Few would be surprised at seeing a girl wearing a hijab in Mexico’s San Cristóbal, as for more than 20 years there have been Muslim communities living there. Today the city may be considered the unofficial center of Muslims in the state of Chiapas.
The history of Islam in Chiapas is linked, oddly enough, to the 1994 Zapatista uprising. Shortly after the rebellion, a group of Spanish preachers suggested converting the rebels to Islam to Subcomandante Marcos, the main ideologist of the group. However, the Zapatista leader refused to meet with the preachers from Spain and hence they started converting local people on their own.
Over time, the local Muslims separated into four groups. Among the members of the Chiapas Muslim community, the majority consists of Maya and Tzotzil peoples.
According to the last census of the National Institute of Statistics and Geography (INEGI), in 2010 there were 3,760 Muslims in the country, 110 of whom lived in Chiapas.
However, these data may be considered obsolete. According to some Muslim groups, there are currently around 12,000 Muslims in Mexico. However, these figures are pending confirmation.
One of the Muslim groups with a large presence in the state of Chiapas is the Ahmadiyya
Muslim community. Ibrahim Chechev, an imam from San Cristóbal, told Sputnik of the community’s origin and prospects.
Today the Ahmadiyya community is made up of 60 families and this number is increasing.
According to Chechev, the majority of Muslims in San Cristóbal de las Casas, which is the community center, are of indigenous origin.

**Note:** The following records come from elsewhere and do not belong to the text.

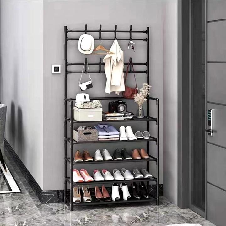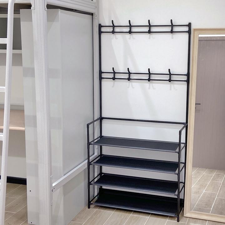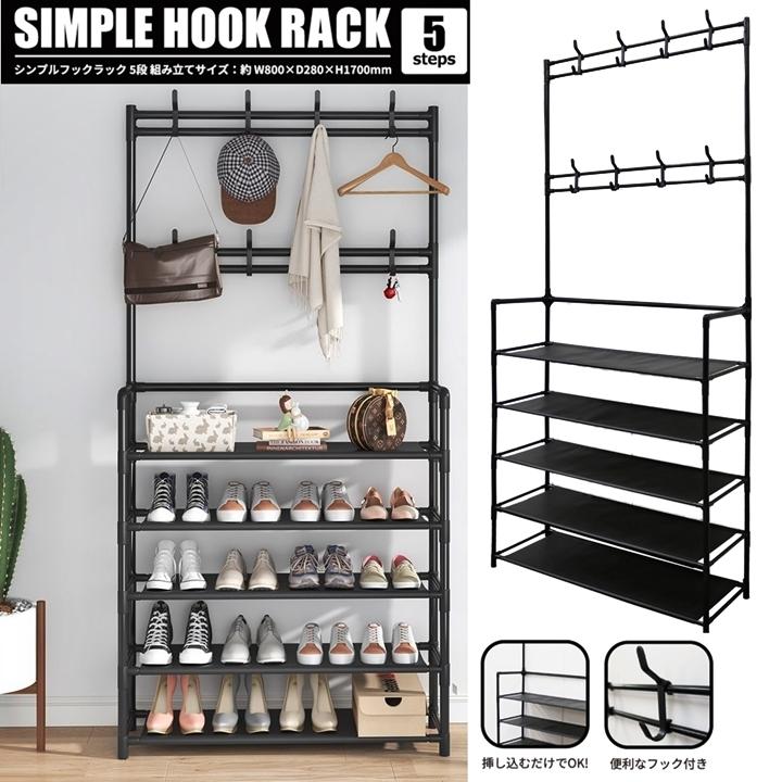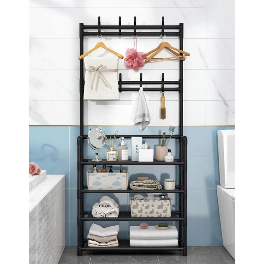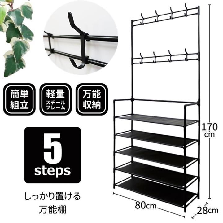 多くのアイテムを収納することができるフックラック5段
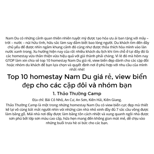 Nam Du có những cảnh quan thiên nhiên tuyệt mỹ được tạo hóa ưu ái ban tặng với mây – trời – nước – núi hữu tình, hữu sắc làm say đắm biết bao lòng người. Du khách tìm đến đây chủ yếu để được nhìn ngắm khung cảnh đó cũng như được thỏa thích hòa mình vào làn nước xanh trong. Xu hướng hiện nay của rất nhiều khách du lịch khi tìm chỗ ở tại đây đó là các homestay vừa thân thiện vừa hiệu quả với giá thành phải chăng. Vì lẽ đó mà hôm nay GTOP làm xin chia sẻ top 10 homestay Nam Du giá rẻ, view biển đẹp dành cho các cặp đôi hoặc nhóm du khách để bạn lựa chọn và quyết định nơi ở phù hợp với nhu cầu của mình nhất nhé!
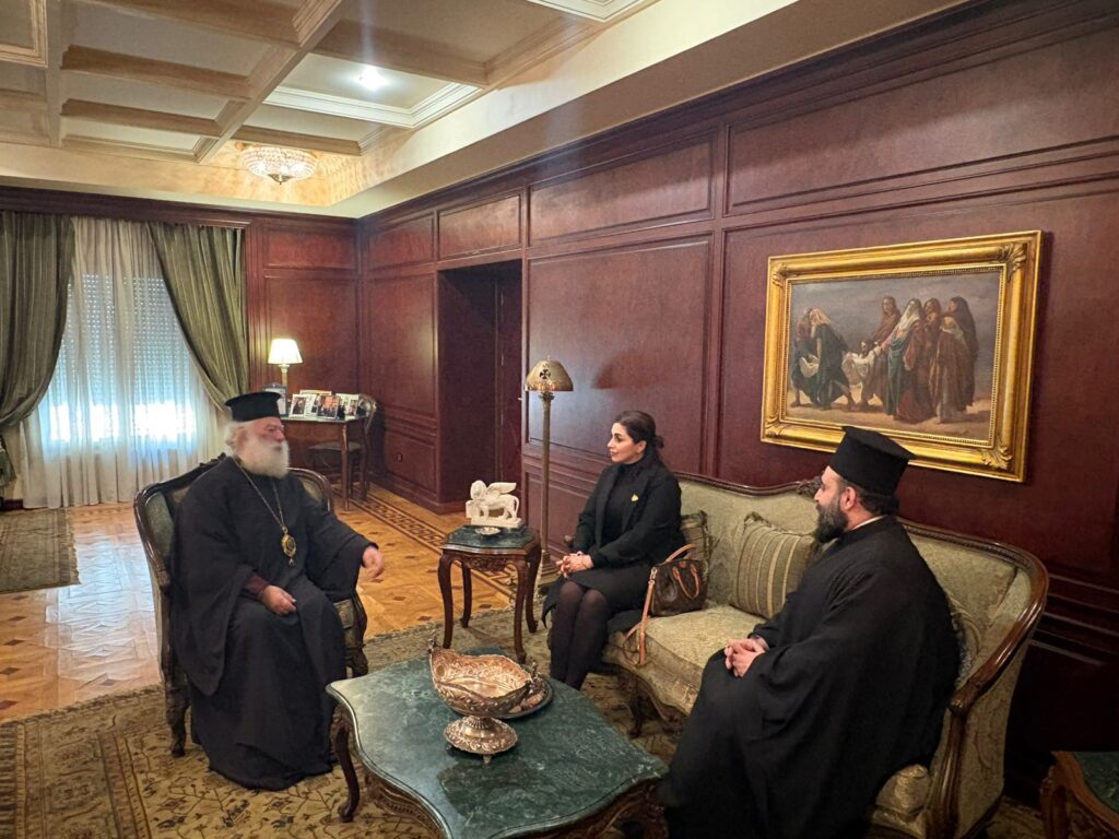 Εν συνεχεία, κατά τη συνάντηση με την αξιότιμη Βουλευτή, ο Μακαριώτατος εξέφρασε την ειλικρινή ευγνωμοσύνη του προς τον Εξοχώτατο Πρόεδρο της Αραβικής Δημοκρατίας της Αιγύπτου κ. Abdel Fattah el-Sisi, καθώς και προς το σύνολο των κρατικών θεσμών, για τη συνεχή στήριξή τους προς το Πατριαρχείο. Επεσήμανε δε ότι η στήριξη αυτή αποτελεί έμπρακτη έκφραση πρότυπο αρμονικής συνεργασίας μεταξύ Πολιτείας και Θρησκευτικών θεσμών, προς ωφέλεια του ανθρώπου και της κοινωνικής συνοχής.

Several groups converted to Islam in 1995. Many people were part of the EZLN (Zapatista Army of National Liberation), Chechev said.
“Now there we don’t have much contact with the EZLN. The Ahmadiyya Muslim community has no prejudice against anyone, much less with the Zapatista Army of National Liberation,” Chechev said.
According to Chechev, of San Cristóbal’s four Muslim groups, two are Sufis, one is Wahhabi and the other is the Ahmadiyya community.
The Ahmadiyya community of San Cristóbal de las Casas has a very close relationship with both the municipal and the state government, as well as with the federal government. Moreover, the group tries to take part in social life.
The Ahmadiyya Muslims cooperate with the Humanity First organization. As part of this cooperation, members of the group have helped many women prevent a range of diseases, in particular, cervical and breast cancer.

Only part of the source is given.